WOODCLIFF LAKE, N.J.--(BUSINESS WIRE)--Eagle Pharmaceuticals, Inc. (“Eagle” or the “Company”) (NASDAQ: EGRX) today announced that its marketing partner, SymBio Pharmaceuticals Limited (“SymBio”), has received regulatory approval for TREAKISYM ready-to-dilute (“RTD”) (250 ml) liquid formulation from the Pharmaceuticals and Medical Devices Agency (“PMDA”) in Japan. The approval covers all indications for which TREAKISYM is currently approved (low-grade non-Hodgkin’s lymphoma, mantle cell lymphoma, and chronic lymphocytic leukemia). Approval for the additional indication of r/r DLBCL is currently under review by the PMDA, which will create another large market opportunity beyond the current indications. As a result of the approval of TREAKISYM, Eagle will receive a $5 million milestone payment.
With this approval, SymBio will convert its current lyophilized formulation of TREAKISYM to the new RTD liquid formulation upon launch in January 2021.
In addition, SymBio is currently conducting a clinical safety trial for the ten-minute RI (50 ml) liquid formulation and will seek approval in the second half of 2022. Upon approval of the RI formulation, SymBio intends to convert from the RTD product to the new 50 ml liquid version licensed from Eagle. The RTD and RI liquid formulations bring key benefits to patients and healthcare providers in Japan by eliminating the need for manual reconstitution and significantly reducing preparation time.
“We are pleased that SymBio has received regulatory approval for TREAKISYM in Japan. SymBio is an innovator, and we look forward to their successful commercialization of the ready-to-dilute bendamustine product, enabling patients in Japan to benefit from TREAKISYM’s key advantages. This approval represents another significant extension of the durability of this important franchise and the successful execution of our business development activities to bring value for Eagle and our shareholders,” stated Scott Tarriff, Chief Executive Officer.
According to SymBio, sales in Japan for its current TREAKISYM product totaled $84.8 million in the twelve months ended June 30, 2020. Together, milestones and royalty payments for the RTD and RI formulations could generate from $10 million to $25 million annually for Eagle.
In September 2017, Eagle licensed to SymBio intellectual property necessary to develop, market and sell RTD and RI formulations of TREAKISYM in Japan utilizing Eagle’s proprietary technology. As part of the agreement, SymBio assumed responsibility for securing regulatory approval of the TREAKISYM RTD and RI products using the licensed technology in Japan.
The $5 million milestone payment due upon approval of TREAKISYM RTD is in addition to a $12.5 million upfront milestone payment Eagle received upon execution of the agreement with SymBio. Eagle is entitled to royalties on future net sales and an additional milestone payment upon achievement of a cumulative sales threshold.

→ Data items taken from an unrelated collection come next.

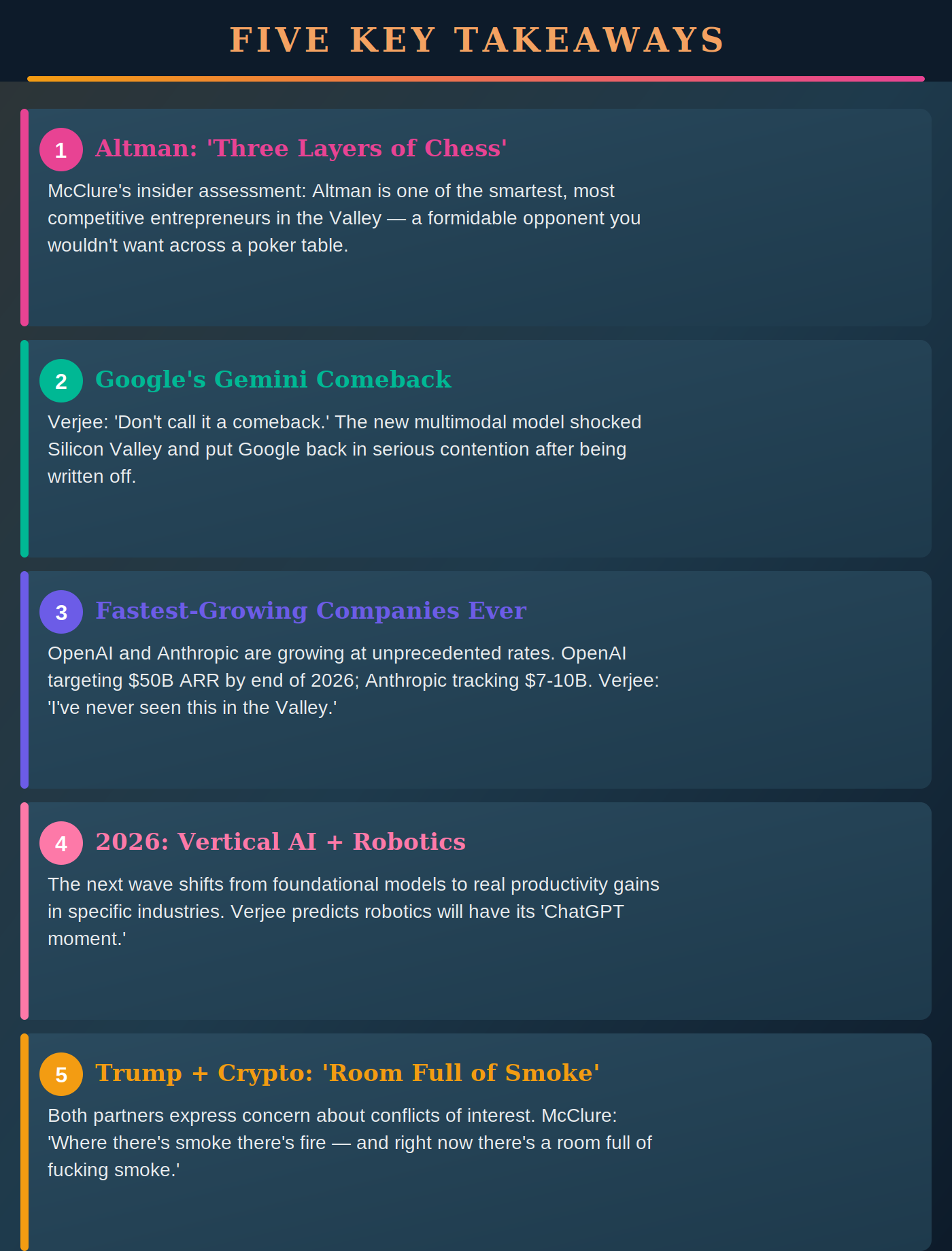 In this refreshingly unfiltered conversation, they assess tech’s two most dominant titans: Sam Altman and Elon Musk. McClure describes Altman as someone he’d never want to face across a poker table — “there’s probably three layers of chess going on in his head.” Verjee breaks down the competitive psychology driving Musk as OpenAI’s valuation leapfrogs SpaceX.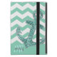 Eleganter Entwurf, der die blauen und weißen vertikalen Zickzack Streifen des Aqua kennzeichnet; ein glittery Anker mit Glitzern und prägeartigem Effekt. Personifizieren Sie ihn mit Ihrem Namen und Monogramm. Mode, modern und girly!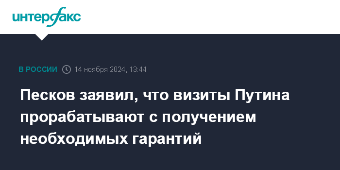 Песков заявил, что визиты Путина прорабатывают с получением необходимых гарантий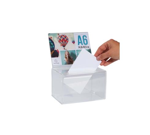 Urne mit abschließbarem Klappdeckel, die vielseitig verwendbar ist: als Losbox für Verlosungen oder auch Einwurfbox für Gewinnspiele, Wahlen oder auch als Ideenbox für Mitarbeiter und/oder Kunden.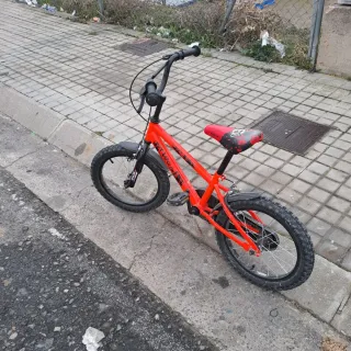 Bicicleta infantil de color rojo, ideal para los más pequeños. Cuenta con un diseño llamativo y ruedas de entrenamiento. - Cuadro de acero. - Ruedas de 16 pulgadas. - Frenos delanteros y traseros. - Sillín ajustable en altura. - Guardabarros delantero y trasero. Precio negociable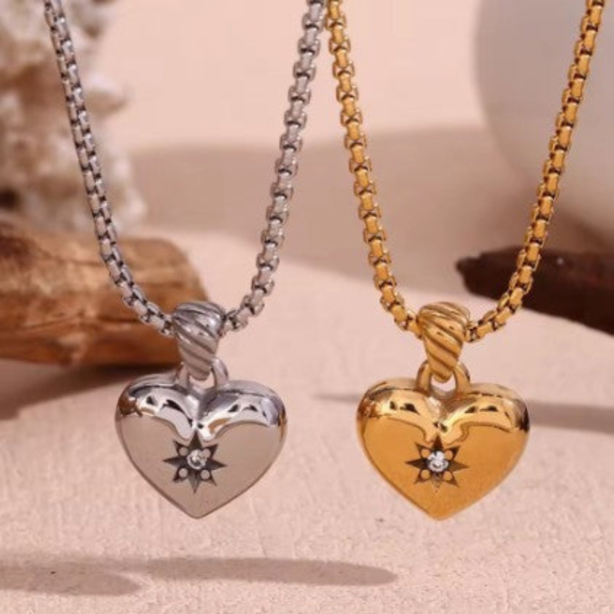 DIAMOND HEARTS - 18K GOLD & SILVER HEART WATERPROOF NECKLACE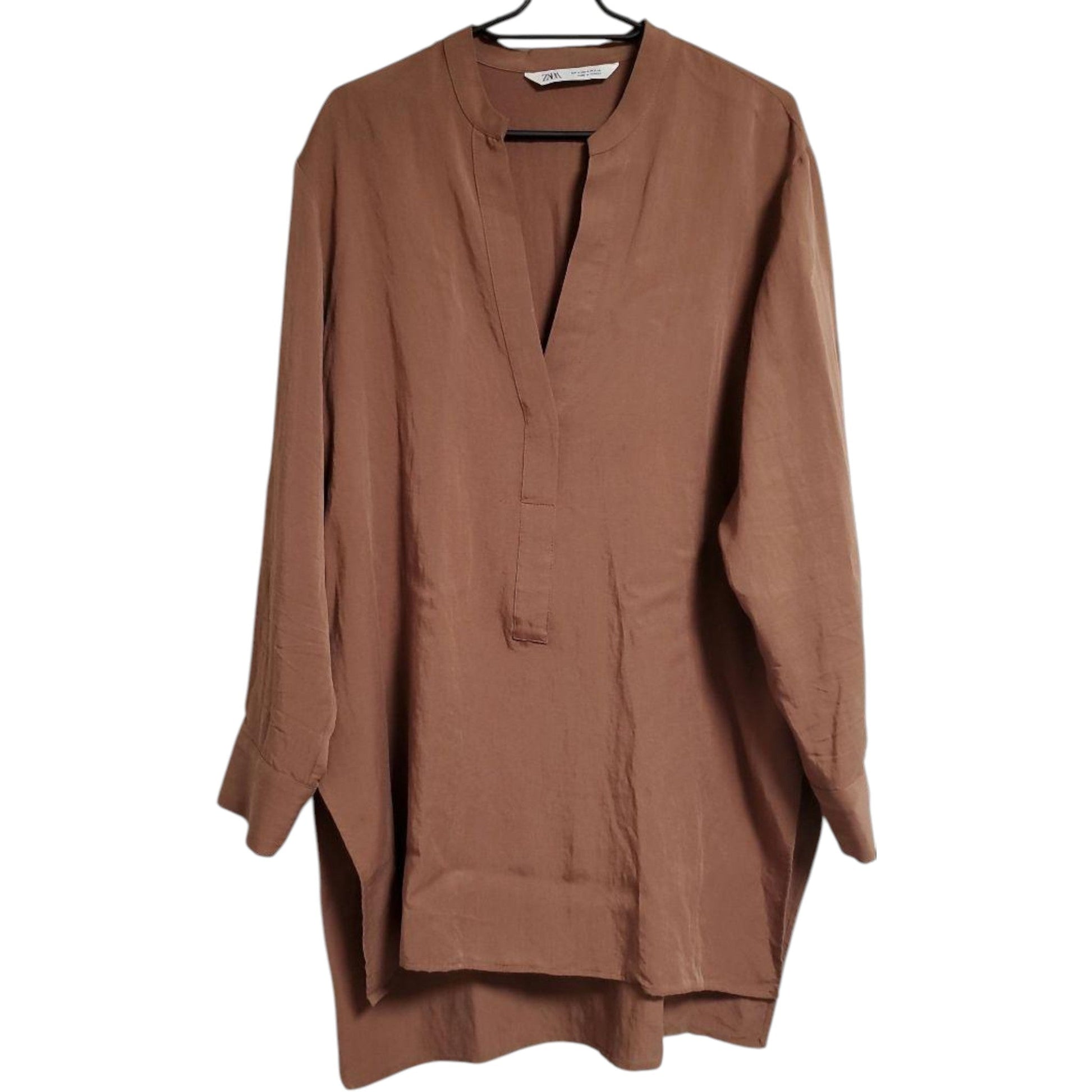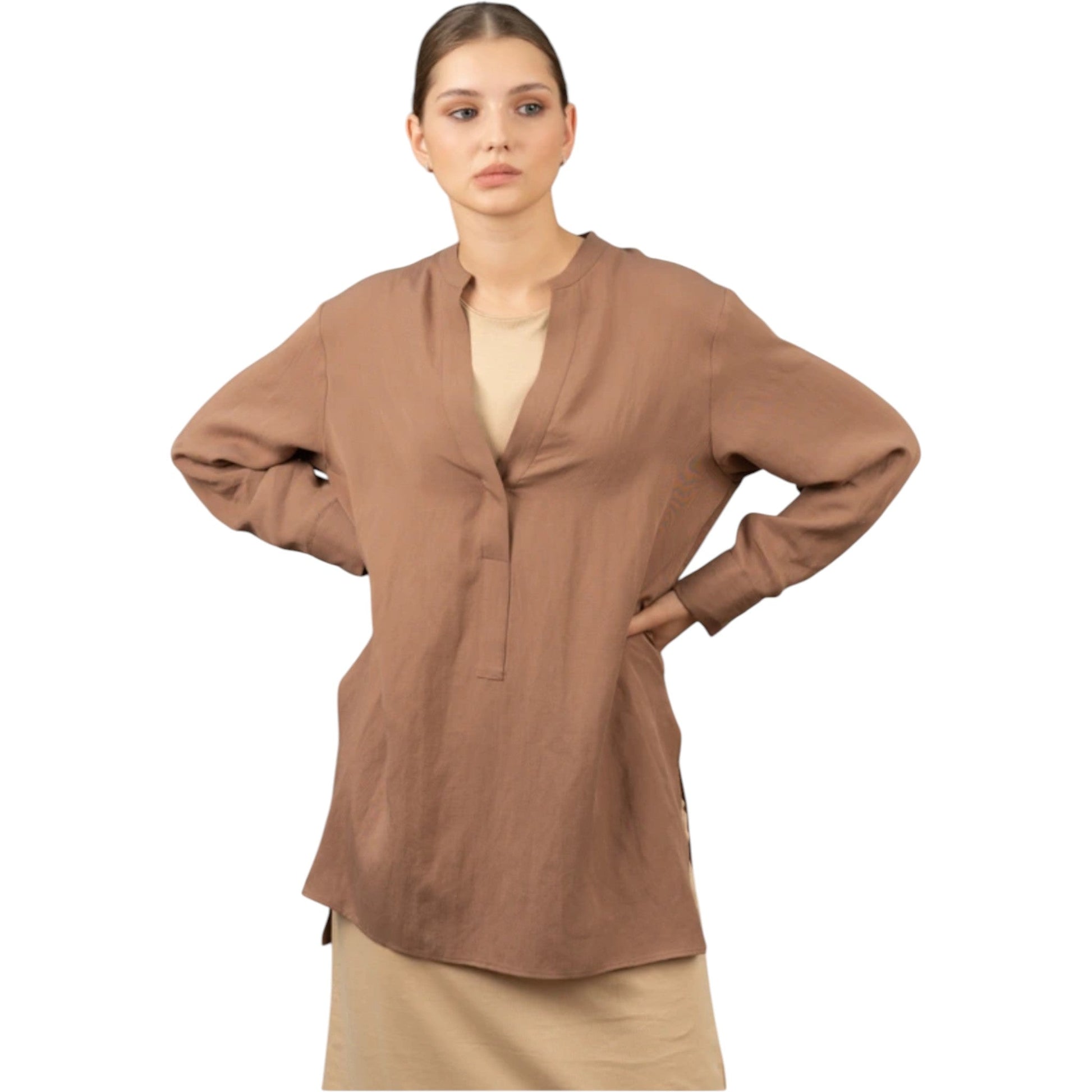 Címke nélküli, barna, hosszú ujjú, V-nyakú (állógallérral), tunika hosszúságú.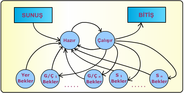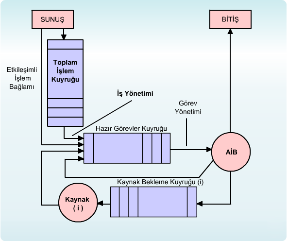 Bilgisayar sistemi donanım birleşenleri arasında en önemli kaynağı oluşturan ana işlem biriminin daha verimli kullanılabilmesi, bu birimin bekler durumda kaldığı süreleri kısaltmakla olanaklıdır. Bu sürelerin kısaltılması aynı anda birden çok işi işletime almak yoluyla gerçekleştirilir. Anımsanacağı gibi, aynı anda birden çok işin işletime alınması, bir işin işletimi sonlanmadan diğer işlerin de işletimlerinin başlatılması demektir. İşletimi sürdürülen bir işin giriş/çıkış işlemi başlatması durumunda, ana işlem biriminin boş kalmasını önlemek üzere yeni bir iş işletime alınarak çok iş düzeni kurulur. Aşağıdaki çizimde, bu yolla, 3 değişik işin birlikte işletimi örneklenmiştir.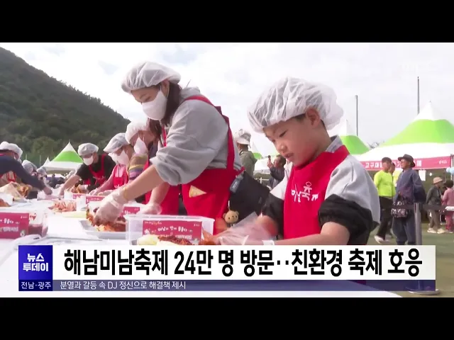 지난 주말 막을 내린 2024 해남미남축제에사흘 동안 24만 명이 방문했습니다.이번 축제에서는 지역 대표 특산물인고구마의 생육과정과 품종별 고구마 전시 등주제관이 운영됐으며전통장을 주제로 해남 14개 읍면의 장류와 음식을 선보여 관람객들의 눈길을 끌었습니다.특히 올해 행사는 축제장의 모든 음식점과판매부스 등...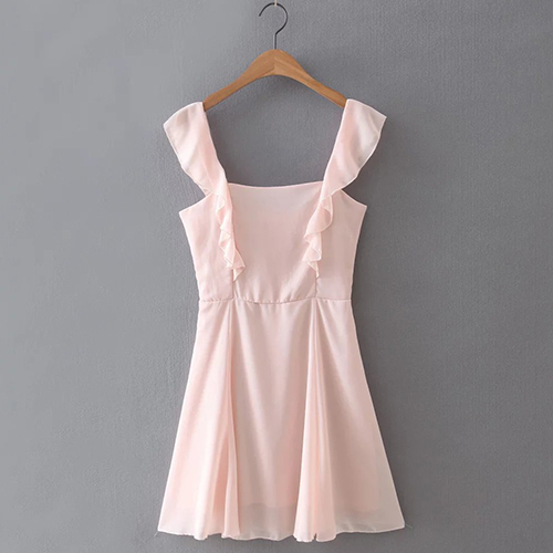This pretty and sweet dress is designed for you. Solid color style, featuring sleeveless, backless and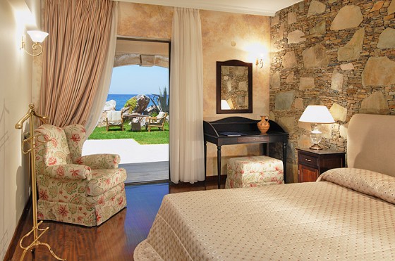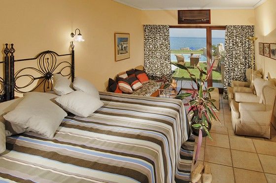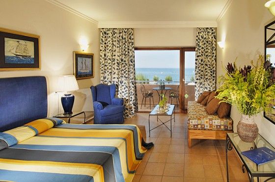 Состоит из спальни, ванной комнаты и балкона с видом на море или в сад.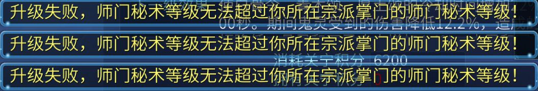 师门秘术为主动技能,等级上限为30级;习得需要消耗灵力,升级将会消耗关宁积分,在秘术等级小于26前,可以使用银两抵扣一些关宁积分。

About Eagle Pharmaceuticals, Inc.
Eagle is a fully integrated pharmaceutical company with research and development, clinical, manufacturing and commercial expertise. Eagle is committed to developing innovative medicines that result in meaningful improvements in patients’ lives. Eagle’s commercialized products include RYANODEX®, BENDEKA®, BELRAPZO®, and its oncology and CNS/metabolic critical care pipeline includes product candidates with the potential to address underserved therapeutic areas across multiple disease states. Additional information is available on Eagle’s website at www.eagleus.com.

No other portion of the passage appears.